C15orf59
c15orf59: A Gene with Intriguing Roles in Health and Disease
Description
c15orf59, also known as chromosome 15 open reading frame 59, is a gene located on the long arm of chromosome 15 in humans. It encodes a protein of 278 amino acids involved in various biological processes, including cellular signaling, gene regulation, and protein translation.
Associated Diseases
c15orf59 has been implicated in the development of several diseases, including:
Neurodegenerative Disorders: Mutations in c15orf59 have been linked to familial cases of frontotemporal dementia (FTD), a brain condition characterized by progressive degeneration of the frontal and temporal lobes.
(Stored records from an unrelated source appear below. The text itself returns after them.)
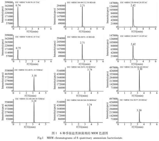 季銨鹽易喪失鹵素?zé)襞菡x子獲得共價鍵,故挑選EST 方式開展掃描儀。將配置好的各季銨鹽抗菌劑標(biāo)液根據(jù)針泵引進(jìn)的方法引入離子源開展離子化,首先用Ql全掃捕明確標(biāo)準(zhǔn)物質(zhì)中總體目標(biāo)物的[M-X] 的母正離子峰,調(diào)節(jié)流動速度、通道工作電壓(entrancev01tage,EV)、水解工作電壓等主要參數(shù)使母正離子峰做到最高值,再用子離子逐行掃描,更改撞擊工作電壓(c011isionv01tage,CE)值,挑選倆對數(shù)據(jù)信號最強(qiáng)、最平穩(wěn)的子離子做為判定定量分析正離子,提升其撞擊動能,使離子對的接收靈敏度做到最高值,明確好之上主要參數(shù)后,選用多反映峪測方式(multiplereactionmonitoring,MRM)開展檢驗(yàn),各子離子的停留時問為100ms。最后在提升的色譜儀、質(zhì)譜分析標(biāo)準(zhǔn)下,獲得如圖所示1所顯示的各國家標(biāo)準(zhǔn)物質(zhì)濃度值為10μg/L時的多反映檢測色譜。TAC出峰快,保存期0.74min,BDAB保存期2.71min,DTAC保存期2.42min,TDBAC保存期3.19min,BDHAC保存時問3.74min,DDAC保存時問3.30min,六種季銨鹽類抗菌劑在提升的標(biāo)準(zhǔn)下分離出來效果非常的好,峰形對稱性。
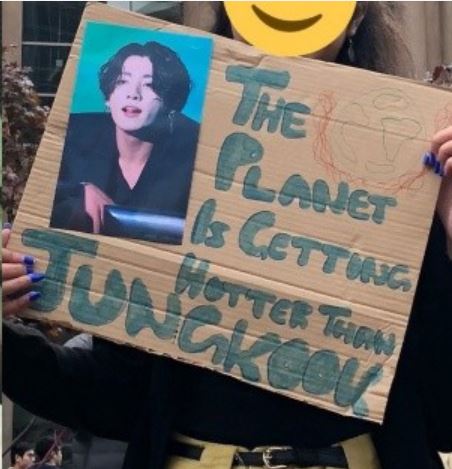 近日,有一場反全球暖化的遊行在加拿大舉辦,現場有一位女粉絲,手上高舉一張標語,紙板上面貼有防彈少年團成員柾國的照片。女孩在標語上表示:「地球已經比柾國還要火熱(HOT)了。」用幽默詼諧的方式稱讚了柾國的性感,也表達出自己對於氣候變遷的無奈和憤怒,逗趣的表達方式,讓這張照片在網上造成瘋傳。
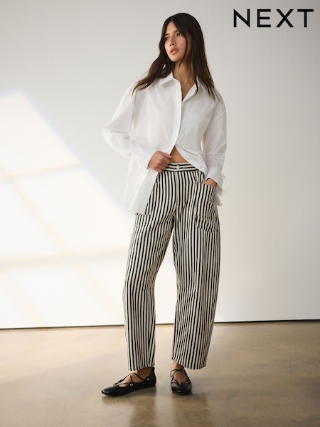 White/Black Polka Dot Relaxed Boxy Elbow Length Crew Neck T-Shirt
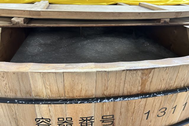まだ鼻に匂いが残ったままバスへと戻ると、お次は完成した白州が 貯蔵 されている建物へ!

Mental Health Disorders: Altered c15orf59 expression has been observed in individuals with bipolar disorder and schizophrenia. The gene is thought to play a role in regulating brain circuits involved in mood and thought processing.
Cancer: Overexpression of c15orf59 has been found in certain types of cancer, such as breast cancer and lung cancer. It is believed to promote cancer cell growth and metastasis.
Other Diseases: c15orf59 mutations have also been associated with cerebral palsy and intellectual disability.
Did you Know ?
Research has shown that one in every 1,000 people worldwide carries a mutation in the c15orf59 gene. This mutation increases the risk of developing neurodegenerative disorders, particularly FTD.